After the the expose by PinkNews.co.uk that the BBC had broadcast a series of anti-lesbian slurs against Hollywood star Lindsay Lohan, My.PinkNews.co.uk reader Nick Henderson believes the BBC must start respecting LGBT rights and stop broadcasting homophobic content.
Every week there seems to be a story on Pink News.co.uk about homophobic content on the BBC, and more often than not there is a follow up story about how the BBC has ignored those complaints or defended jokes about hanging gays in Iran or nasty slurs against Linsday Lohan.
It seems to take a bandwagon as big as Russell Brand and Jonathan for the BBC to acknowledge that has done anything wrong.
But this ignores the bigger issue. I think that with the multitude of programmes that are broadcast over a sprawling network as large as the BBC that is so closely related to British society, there are bound to be incidents where we as a community are offended or attacked, still so pervasive in British society.

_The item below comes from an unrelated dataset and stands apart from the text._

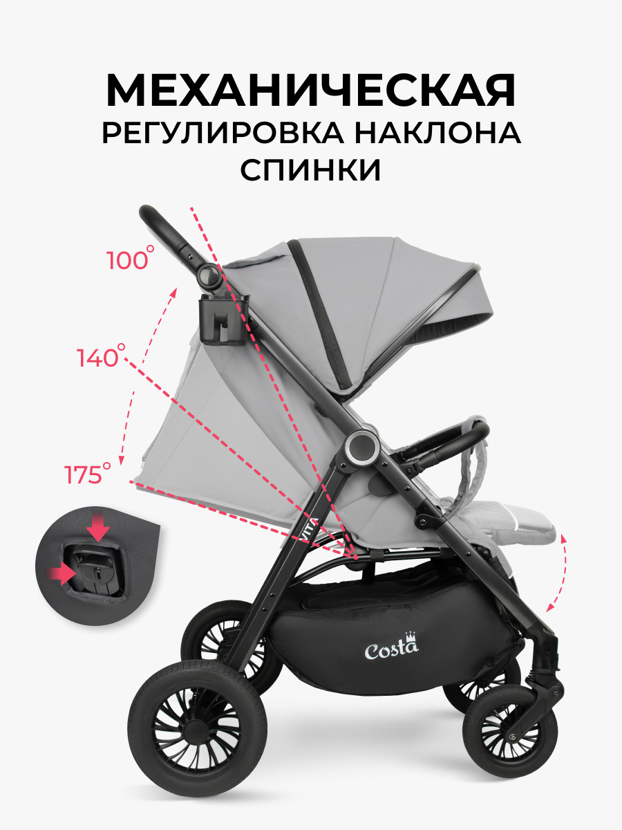 Коляска прогулочная складная всесезонная Costa Vita, до 3 лет, светло-серый: сравнение цен, характеристики, фото, актуальное наличие и цены.

But within a network as sprawling and as diverse as the BBC, there is no space for the gay community to defend itself against such attacks, or use the media as a way to educate people about the LGBT community and why such attacks are really not on any more.
If there was a racial slur made against an Asian person on a mainstream BBC programme, there would rightly be indignation within the Asian community, with space for debate provided by the Asian media, such as the BBC Asian Network.
I think it’s a great thing to have such diversity on the BBC. It is funded by pretty much everyone in the UK, and therefore communities within Britain deserve space and time on our national broadcaster to discuss and debate issues important to the community, to develop the communities’ culture and promote new trends and different ideas. It is vital for a culture to develop to have that platform, and in Britain, the BBC generally provides it.
Except for the gay community.
How much do you think the BBC spends on programmes directed at the LGBT community? Well, they wouldn’t tell me when I asked, but they were more than happy to tell me that they were “determined to portray fully-rounded gay & lesbian ‘normalised’ characters in our television output.”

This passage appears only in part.